"I can't make you out," he confessed.

"Isn't mystery woman's prerogative?" she asked, and then in case she had frightened him with such a long word she let him kiss her hand before he went away.

Certainly for a girl who was not much over twenty Dorothy could not be accused of clumsiness. Her admirer had gone away piqued by the richness of her surroundings, the correctness of her demeanor, most of all by the touch of her hand upon his lips. Yes, she might congratulate herself.

"Rather a dear!" said Olive.

"Yes," Dorothy agreed. "Rather—but dreadfully young. Though his title only dates back to the eighteenth century, the baronetcy is older, and his ancestors really did come over with the Conqueror."

And one felt that such antiquity compensated Dorothy for some of that youthfulness she deplored.

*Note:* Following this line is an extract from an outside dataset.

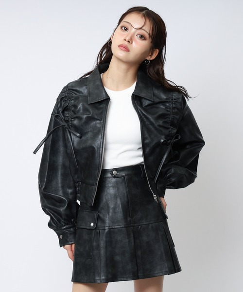 ほんのりくすんだ、ヴィンテージライクな風合いの合皮で仕上げたショートジャケット。袖はふんわり立体感のあるパフデザイン、フロントにはギャザーを寄せたリボンを施し、“甘さと強さ”を絶妙にミックスした一枚です。 ショート丈なのでウエスト位置が高く見え、スタイルアップ効果も抜群。 シンプルなトップスの上に羽織るだけで、こなれ感のあるストリートガーリーコーデが完成。 ヴィンテージ調の質感が加わることで、合皮でも硬すぎず、雰囲気のある仕上がりになっています。 ********************** 透け感:なし 光沢感:ややあり 生地の厚さ:普通 ********************** ※モニター・環境等により実際の商品と多少色味が異なって表示される場合がございます。 予めご了承をお願いいたします。 ※サイト上のカラー名と、お届け商品に記載されているカラー名が異なる場合がございます。 ※他のキャンペーンにより、期間中に価格が変動する場合があります。 ※セールは予告なく終了させていただく場合もあります。

During the next fortnight Clarehaven paid several visits to town, but Dorothy was steadily unwilling to be much alone with him, and, finally, one hot afternoon in mid-May, exasperated by her indifference and caution, he went back to Oxford in a fit of petulance (temper would have been too strong a word to describe his behavior, which was like a spoiled child's) and relapsed into another spell of silence. A week or so after this Queenie Molyneux asked Dorothy one day how long it was since she had heard from Clarehaven, and when Dorothy countered the awkward question by asking, rather bitterly, how long it was since she had heard from Lonsdale, Queenie admitted that he, too, had been silent for some time.

"I'm afraid I'm too expensive for Lonnie," she laughed, lightly. "He's a nice boy, but love in a cottage would never suit me, and love anywhere else wouldn't suit him. So that's that."

"You don't know what it is to be in love," said Dorothy.

"Cut it out!" said Miss Molyneux. "I'd rather not learn."